• _REQUIREMENT_
Of the entries below, restate word for word only the section that runs from the line with "パパ活アプリ女子部では、パパ" to the line with "Im Hintergrund auch dunkel, wenige Laternen.", counting both ends.

• _DATA FOR REVIEW_
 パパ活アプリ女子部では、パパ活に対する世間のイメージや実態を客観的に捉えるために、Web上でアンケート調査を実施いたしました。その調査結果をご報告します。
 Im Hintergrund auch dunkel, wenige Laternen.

...

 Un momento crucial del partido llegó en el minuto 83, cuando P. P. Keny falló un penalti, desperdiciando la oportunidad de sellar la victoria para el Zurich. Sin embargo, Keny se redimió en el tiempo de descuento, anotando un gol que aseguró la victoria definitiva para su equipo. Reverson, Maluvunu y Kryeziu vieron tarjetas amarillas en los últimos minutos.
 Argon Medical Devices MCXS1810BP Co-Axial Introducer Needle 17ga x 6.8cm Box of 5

* * *

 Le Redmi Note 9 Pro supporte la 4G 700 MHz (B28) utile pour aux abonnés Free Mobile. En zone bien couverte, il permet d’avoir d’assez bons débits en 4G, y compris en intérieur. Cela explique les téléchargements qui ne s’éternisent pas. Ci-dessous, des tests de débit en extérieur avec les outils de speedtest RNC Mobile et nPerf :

• _TASK OUTPUT_
 パパ活アプリ女子部では、パパ活に対する世間のイメージや実態を客観的に捉えるために、Web上でアンケート調査を実施いたしました。その調査結果をご報告します。
 Im Hintergrund auch dunkel, wenige Laternen.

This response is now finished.